**** SOURCE MATERIAL ****

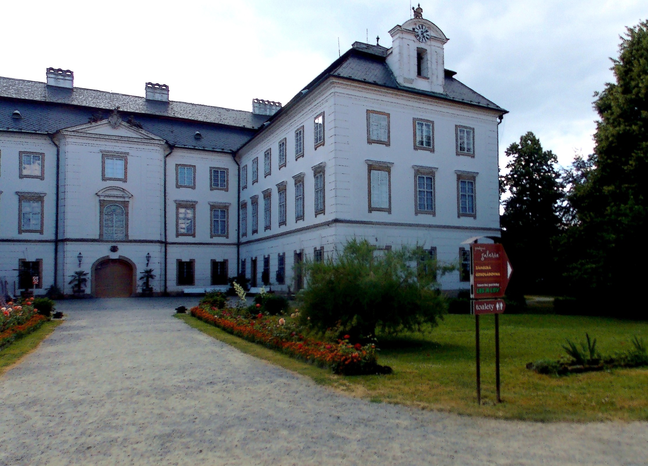 Tentokrát jsme si prohlédli park, který zámek obklopuje. Naše první kroky směřovali hned za branou vpravo, kde je v jedné zámecké budově Čokoládovna a galerie Mariette. U dveří mají vyvěšenou nabídku, co si zde návštěvníci mohou prohlédnout.
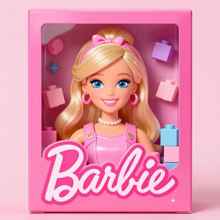 Barbie box filter style portrait of a smiling figure surrounded by toy blocks and pastel decorations, with a smooth pink overlay, shiny surfaces and subtle glitter accents, rendered in a vibrant, cheerful fashion illustration style
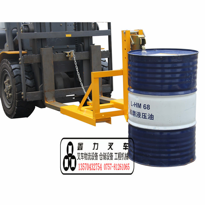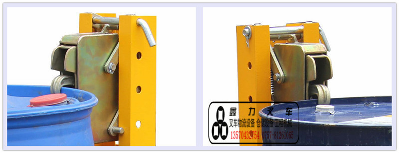 纯机械结构设计的重型双桶夹具可与叉车方便地配合,仅依靠叉车的动作,不需要其它动力,可自动一次搬运1个桶
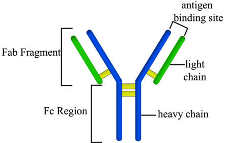 | 2x FAB region fragment antigen binding | They contain the antigen binding sites |
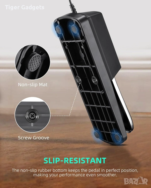Здравата конструкция и неплъзгащата се основа осигуряват стабилност и комфорт по време на свирене.
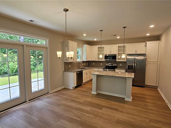 Savannah's most trusted local builder is proud to offer our Dayton plan. This 5 BR/3 BA home is open with tons of natural light and gorgeous upgrades! On the main floor living spaces and in laundry room and bathrooms you'll find wood-look vinyl flooring, while the kitchen boasts 42" tall cabs with plenty of storage space and an amazing pantry and center kitchen island. All kitchen appliances are included in stainless steel - even the fridge! A guest bedroom next to a full bathroom is on the first floor, as well as a study/office with French Doors. Upstairs you'll find four bedrooms Including the Primary and two full bathrooms, a loft, and plenty of storage/closet space. Primary bathroom Fearures a Tiled Garden tub and Separate Shower as well as two sinks in a quartz top vanity. Full sod & sprinkler in yard. Home is complete. All builder incentives applied.
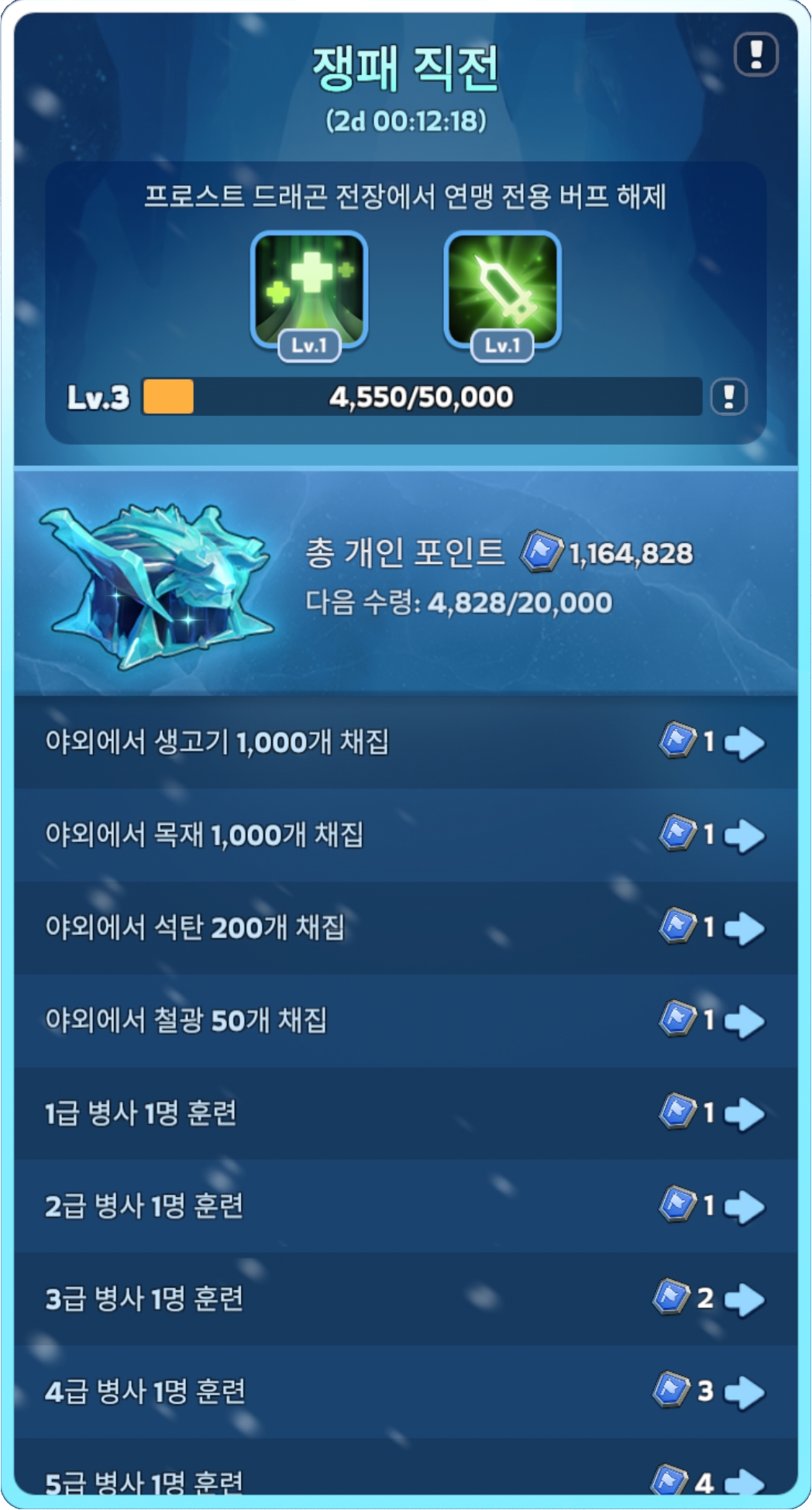 Lv1 : 50.000 연맹 준비 포인트 프로스트 드래곤 전장 내 연맹 멤버의 의부실 치료 속도가 100% 증가
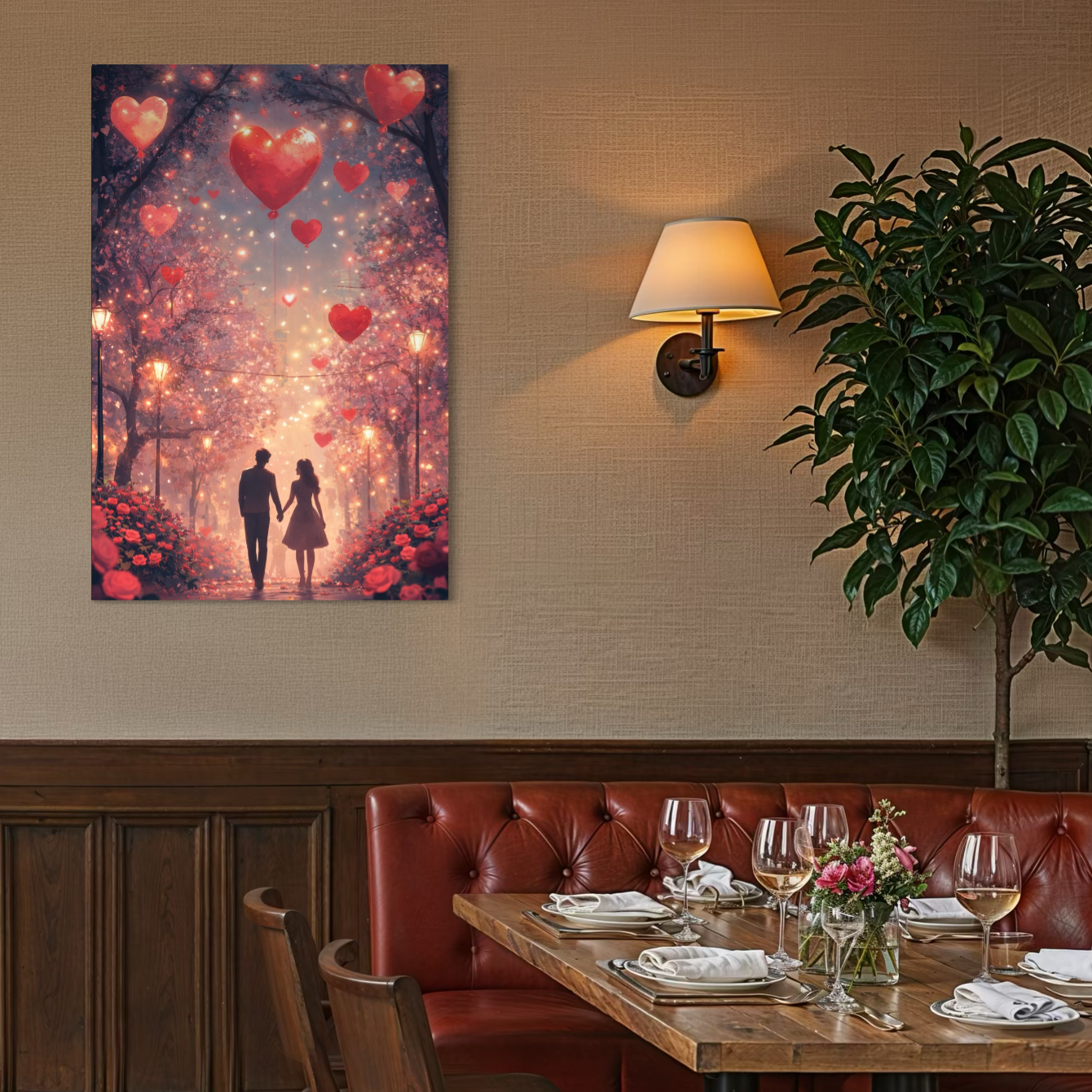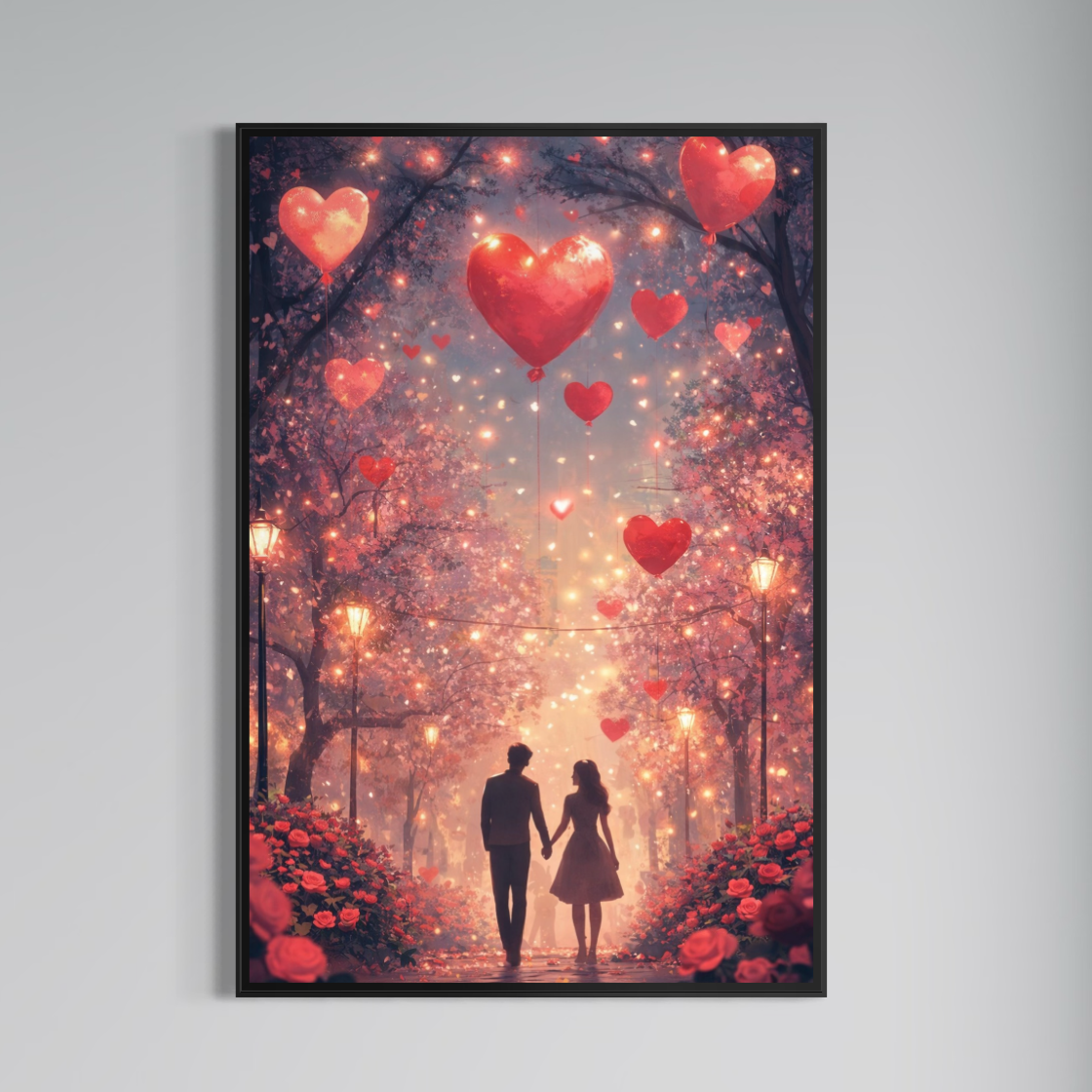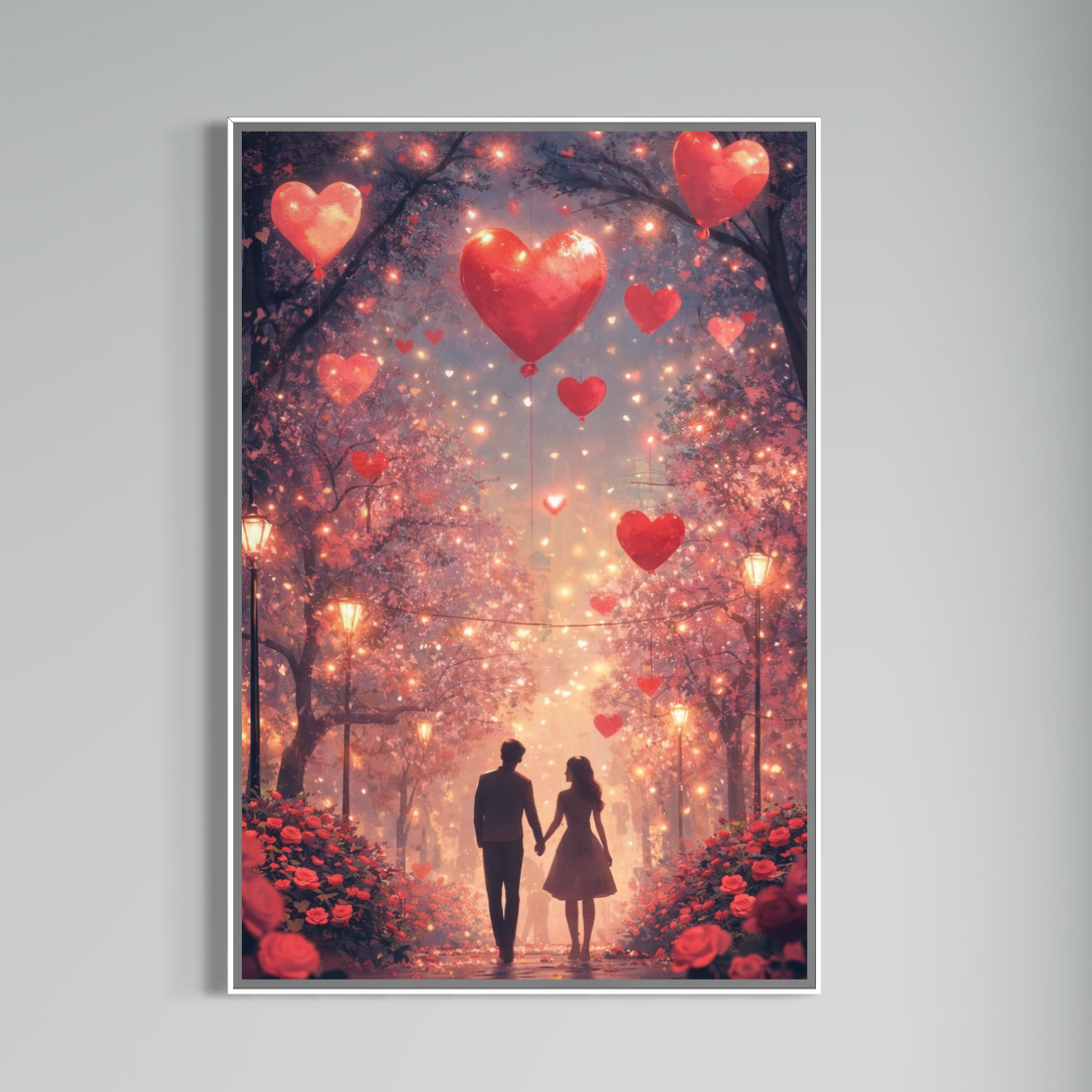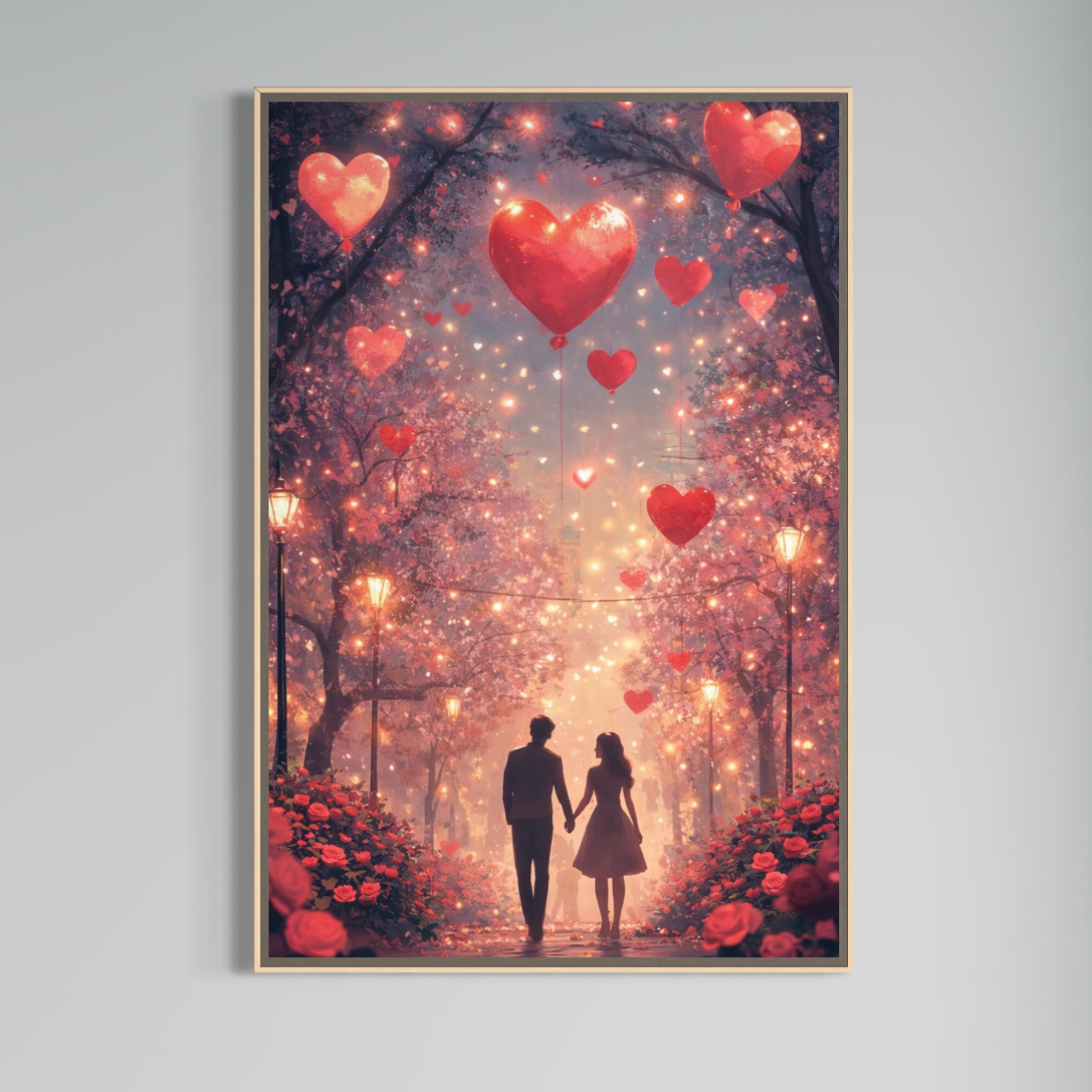 Tablou Canvas Premium, LuxCanva® E1063, Aleea Inimilor Aprinse, Dragoste, Inima, Iubire, Plimbare, Indragostiti, Cuplu, Alee, Parc, Noapte, Feeric, Romantism, Arta, Living, Dormitor - 40 X 60
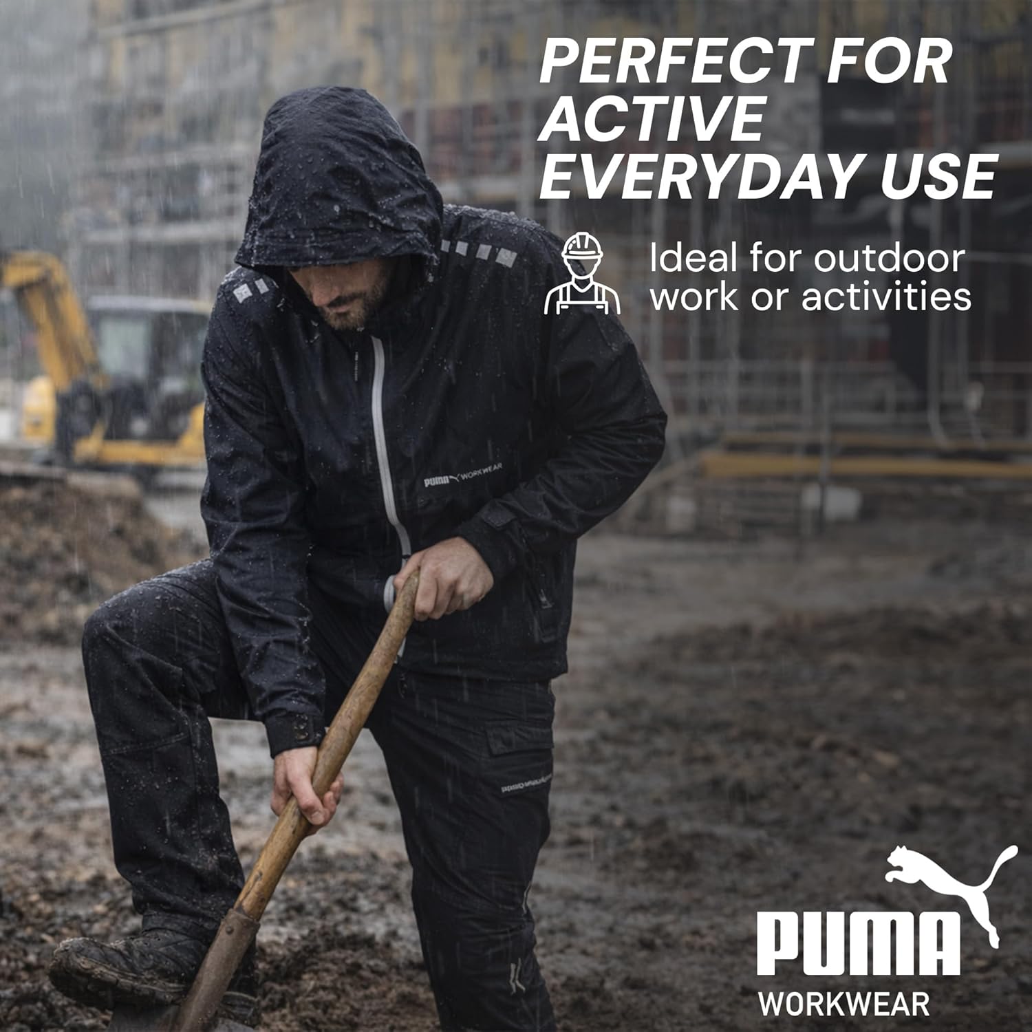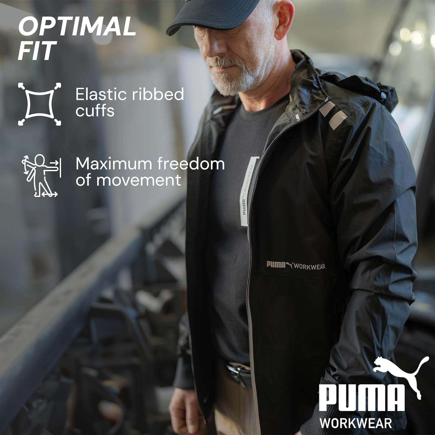 PUMA Workwear Men's Rain Jacket – Durable All-Weather Protection for Work and OutdoorsStay Dry, Comfortable, and Prepared for Any WeatherThe PUMA Workwear Men's Rain Jacket is the ultimate outerwear solution for professionals and outdoor enthusiasts. Designed to tackle harsh conditions,this rain jacket combines rugged durability with smart features to ensure comfort and functionality in every situation, from construction sites to farming fields.Key Features Water-Resistant Material and Sealed SeamsMade from premium, rain-repellent fabric, this jacket offers superior protection during heavy downpours. Its sealed seams prevent water penetration, keeping you dry andcomfortable all day long.Detachable and Adjustable HoodAdapt to changing weather with the zip-off hood. Easily adjustable with a drawstring system, it ensures a secure fit, providing added coverage when you need it most.Adjustable Velcro Cuffs Customize your sleeve fit with Velcro closures that offer enhanced comfort and create a barrier against wind and rain, keeping you warm in any environment.Knit Cuffs for Added ProtectionThe knit cuffs at the sleeve ends add an extra layer of comfort while sealing out cold air. This thoughtful feature helps maintain warmth and ensures a snug fit around the wrists.Spacious Inner PocketsWith three conveniently located inner pockets, you can securely store your essentials, such as tools, keys, or a smartphone. The pockets are designed for easy access,making this jacket as practical as it is protective.Why Choose PUMA Workwear?Engineered with a focus on durability, functionality, and style, the PUMA Workwear Men's Rain Jacket is the perfect companion for challenging workdays andunpredictable weather. Its versatile design suits professionals in construction, agriculture, and outdoor trades, as well asanyone seeking reliable rain protection. Elevate Your Workwear WardrobeStay prepared and comfortable without compromising on performance. The PUMA Workwear Men's Rain Jacket delivers top-tier protection and convenience, making it an essential addition to your gear.Invest in a jacket that works as hard as you do – order your PUMA Workwear Men's Rain Jacket today!

****

■ TASK GOAL ■
Above are the records; restate exactly the lines from the one containing "Здравата конструкция и" through the one containing "Lv1 : 50.000", keeping pictures out.

■ WRITTEN REPLY ■
Здравата конструкция и неплъзгащата се основа осигуряват стабилност и комфорт по време на свирене.
 Savannah's most trusted local builder is proud to offer our Dayton plan. This 5 BR/3 BA home is open with tons of natural light and gorgeous upgrades! On the main floor living spaces and in laundry room and bathrooms you'll find wood-look vinyl flooring, while the kitchen boasts 42" tall cabs with plenty of storage space and an amazing pantry and center kitchen island. All kitchen appliances are included in stainless steel - even the fridge! A guest bedroom next to a full bathroom is on the first floor, as well as a study/office with French Doors. Upstairs you'll find four bedrooms Including the Primary and two full bathrooms, a loft, and plenty of storage/closet space. Primary bathroom Fearures a Tiled Garden tub and Separate Shower as well as two sinks in a quartz top vanity. Full sod & sprinkler in yard. Home is complete. All builder incentives applied.
 Lv1 : 50.000 연맹 준비 포인트 프로스트 드래곤 전장 내 연맹 멤버의 의부실 치료 속도가 100% 증가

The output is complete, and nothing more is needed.